··· GIVEN INFORMATION ···

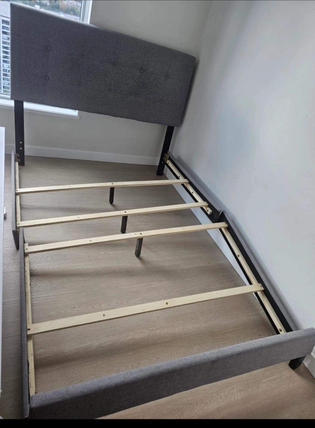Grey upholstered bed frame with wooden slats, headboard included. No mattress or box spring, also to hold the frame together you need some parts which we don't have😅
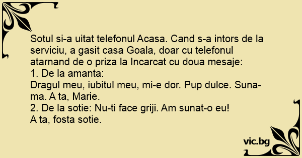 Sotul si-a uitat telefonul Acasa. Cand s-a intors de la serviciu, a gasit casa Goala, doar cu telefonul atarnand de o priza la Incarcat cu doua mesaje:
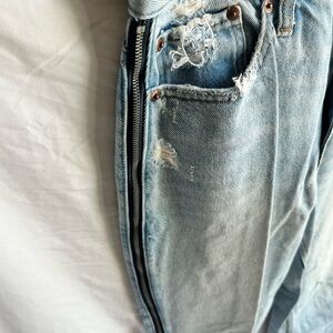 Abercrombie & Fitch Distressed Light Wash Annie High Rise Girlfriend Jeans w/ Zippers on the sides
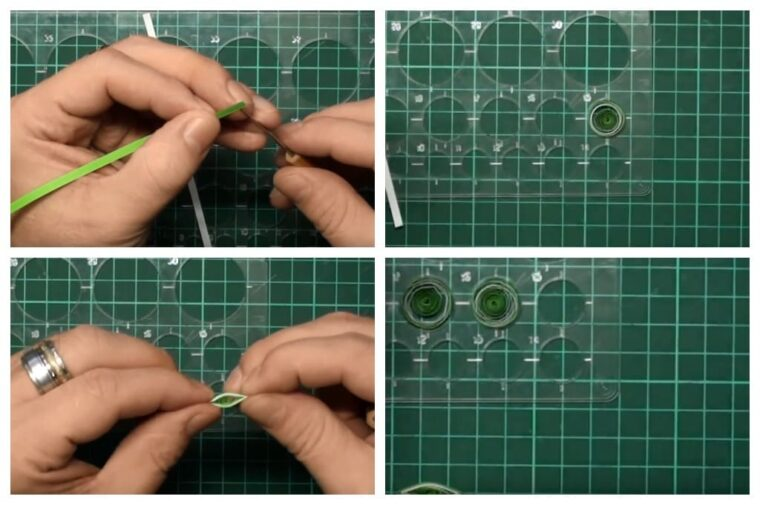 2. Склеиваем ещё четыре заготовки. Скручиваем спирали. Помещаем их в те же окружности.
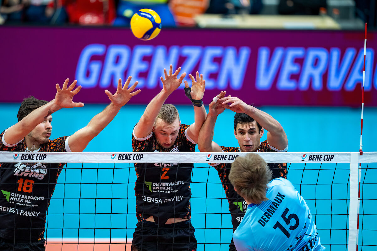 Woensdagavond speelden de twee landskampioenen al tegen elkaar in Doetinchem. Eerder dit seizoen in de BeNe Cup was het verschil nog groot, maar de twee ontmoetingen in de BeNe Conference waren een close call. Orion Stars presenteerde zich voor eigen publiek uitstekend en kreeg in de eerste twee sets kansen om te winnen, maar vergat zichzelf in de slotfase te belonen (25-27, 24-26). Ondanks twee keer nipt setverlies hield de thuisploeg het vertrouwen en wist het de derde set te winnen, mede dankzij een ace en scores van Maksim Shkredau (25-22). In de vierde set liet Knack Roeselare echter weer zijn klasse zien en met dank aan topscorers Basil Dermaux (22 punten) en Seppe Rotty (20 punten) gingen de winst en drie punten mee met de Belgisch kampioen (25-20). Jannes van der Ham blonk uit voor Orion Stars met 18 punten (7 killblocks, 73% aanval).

···
··· GIVEN INFORMATION ···

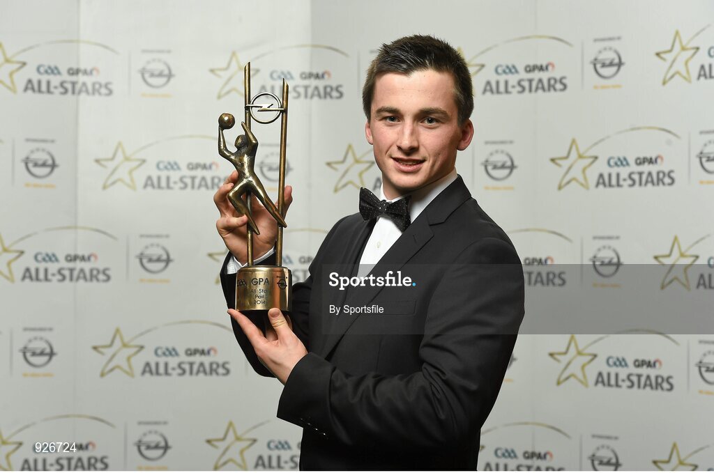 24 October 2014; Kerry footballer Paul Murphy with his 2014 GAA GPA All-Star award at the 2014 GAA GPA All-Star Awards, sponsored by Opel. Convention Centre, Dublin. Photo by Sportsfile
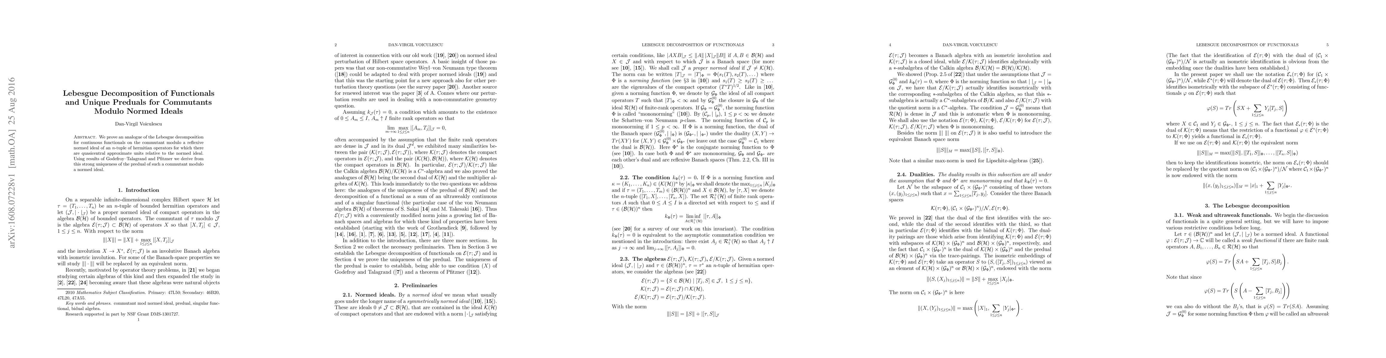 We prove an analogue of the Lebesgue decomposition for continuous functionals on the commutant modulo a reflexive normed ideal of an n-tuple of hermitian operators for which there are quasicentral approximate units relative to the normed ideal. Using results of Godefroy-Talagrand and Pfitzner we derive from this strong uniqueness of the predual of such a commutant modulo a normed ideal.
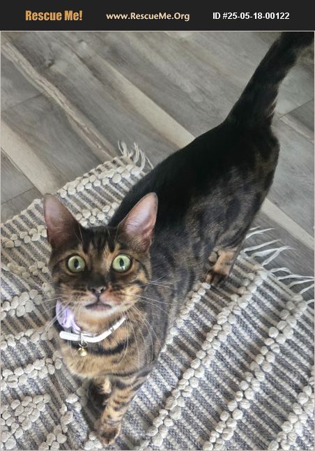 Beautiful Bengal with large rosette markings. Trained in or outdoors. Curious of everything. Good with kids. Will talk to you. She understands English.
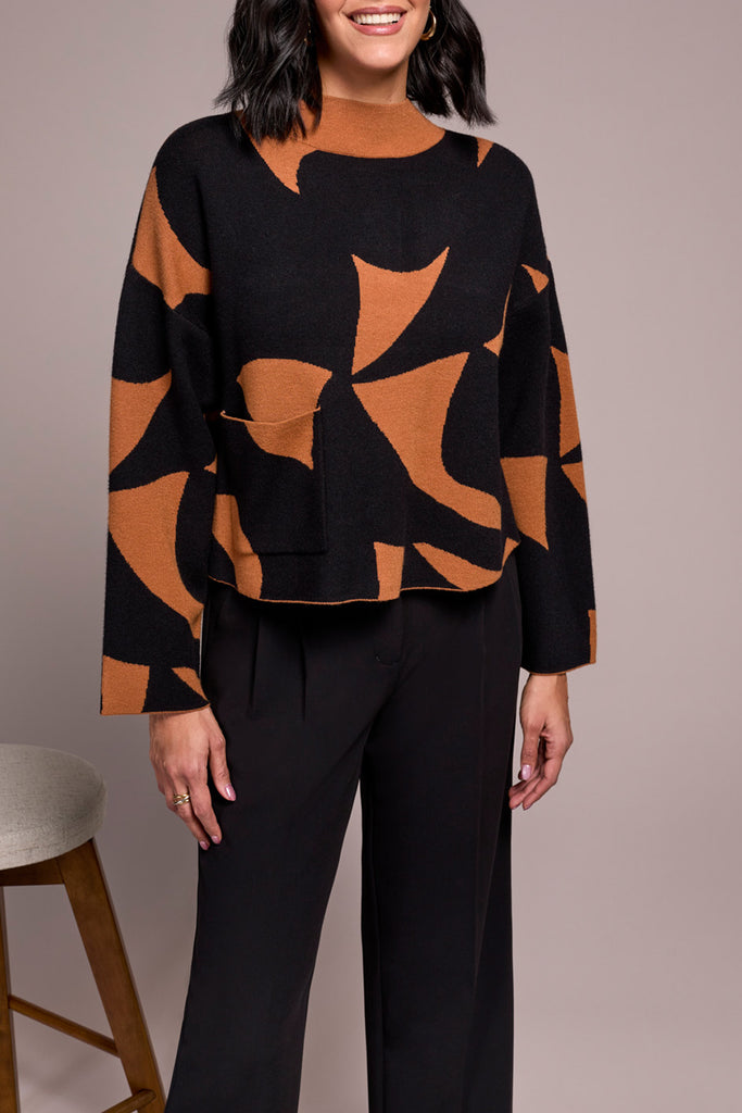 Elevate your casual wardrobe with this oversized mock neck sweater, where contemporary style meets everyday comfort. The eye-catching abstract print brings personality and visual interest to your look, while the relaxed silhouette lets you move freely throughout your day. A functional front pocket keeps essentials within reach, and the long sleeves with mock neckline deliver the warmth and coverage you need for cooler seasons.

···
··· GIVEN INFORMATION ···

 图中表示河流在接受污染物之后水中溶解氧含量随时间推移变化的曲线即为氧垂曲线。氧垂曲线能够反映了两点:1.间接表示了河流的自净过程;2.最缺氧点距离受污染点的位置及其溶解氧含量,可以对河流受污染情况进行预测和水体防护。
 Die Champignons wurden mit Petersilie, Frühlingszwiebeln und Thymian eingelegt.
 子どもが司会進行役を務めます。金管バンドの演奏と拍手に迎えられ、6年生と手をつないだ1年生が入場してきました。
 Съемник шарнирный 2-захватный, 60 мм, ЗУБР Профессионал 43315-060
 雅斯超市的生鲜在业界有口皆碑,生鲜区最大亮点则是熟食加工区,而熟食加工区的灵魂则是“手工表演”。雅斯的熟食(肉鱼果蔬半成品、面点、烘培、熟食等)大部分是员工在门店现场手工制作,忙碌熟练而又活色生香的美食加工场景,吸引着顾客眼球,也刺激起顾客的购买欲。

···

## ASSIGNED TASK
Beginning with the line above that contains "Grey upholstered bed" and ending with the line that contains "2. Склеиваем ещё", quote each line exactly, keeping out the pictures.

## WRITTEN ANSWER
Grey upholstered bed frame with wooden slats, headboard included. No mattress or box spring, also to hold the frame together you need some parts which we don't have😅
 Sotul si-a uitat telefonul Acasa. Cand s-a intors de la serviciu, a gasit casa Goala, doar cu telefonul atarnand de o priza la Incarcat cu doua mesaje:
 Abercrombie & Fitch Distressed Light Wash Annie High Rise Girlfriend Jeans w/ Zippers on the sides
 2. Склеиваем ещё четыре заготовки. Скручиваем спирали. Помещаем их в те же окружности.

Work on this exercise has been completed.